= John Windus =

John Windus (fl. 1725) was a British ambassador to Morocco who wrote a popular and influential account of his travels in that country in 1725. In 1720, he accompanied a diplomatic expedition to Morocco with Commodore Charles Stewart, who was given a small naval squadron and the authority of a minister plenipotentiary. They sailed from England on 24 September 1720 and travelled to Tetuan, where they met the Basha Hamet Ben Ali Ben Abdallah. The two sides agreed a peace treaty which was signed at Ceuta in January 1721, under which the Moroccans undertook to prohibit piracy and release English captives. They travelled on to Meknes where they met the King of Morocco, Ismail Ibn Sharif, and reconfirmed the Anglo-Moroccan alliance.

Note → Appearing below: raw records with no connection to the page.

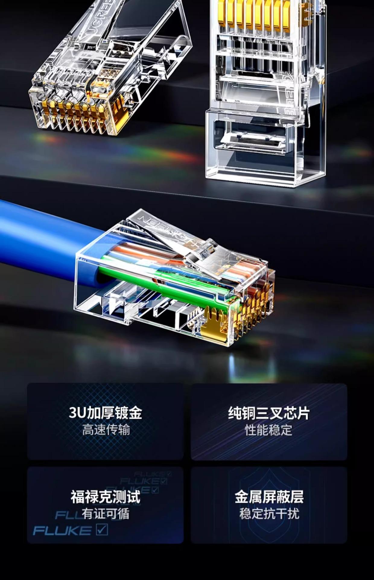 Conector de Red Rj45 Cable de Red Blindado Gigabit Categoría 6, Categoría 5, Categoría 7, Cabeza de Cristal
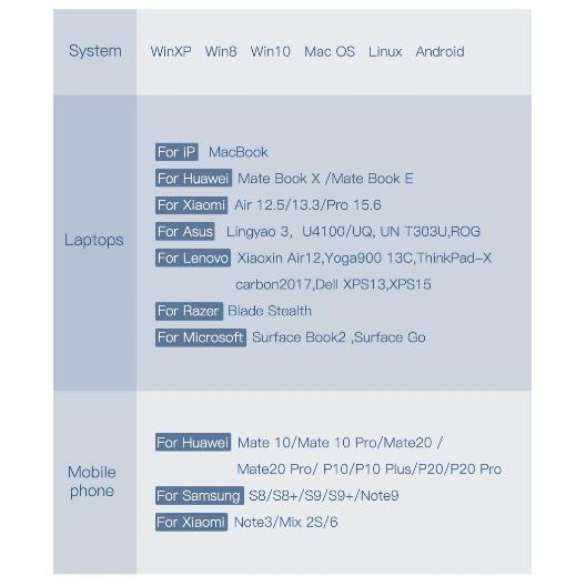 - Tương thích hầu hết các thiết bị từ Smartphone / Tablet / Laptop/ Macbook như : Macbook Pro 2016/2017/2018 , Dell XPS, Huawei Matebook , Xiaomi Mi Air, Samsung S8/S9/S10/N7/8/9,...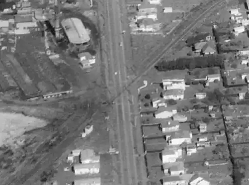 ![]() Aerial view of St George's Street railway station in 1968 (bottom-left), near the intersection between Saint George's Road and the Western Line | |||||

Windus spent at least seven months (if he signed the treaty in January 1721, he was in the country until August, when he left with the captive English Captains and Sailors released by the treaty, according to his book) travelling in Morocco and drew on his experiences to write A Journey to Mequinez, the Residence of the Present Emperor of Fez and Morocco, on the Occasion of Commodore Stewart’s Ambassy Thither for the Redemption of the British Captives in the Year 1721, published in 1725. The book was only the second published in English on the subject of Morocco and was by far the most comprehensive account of life, society, politics and the environment of a country which few Christians had at that time visited. It went through multiple editions and influenced subsequent writers, as well as providing an invaluable historical record of Morocco at that time. It was translated into German in 1726 and into Arabic in 1993.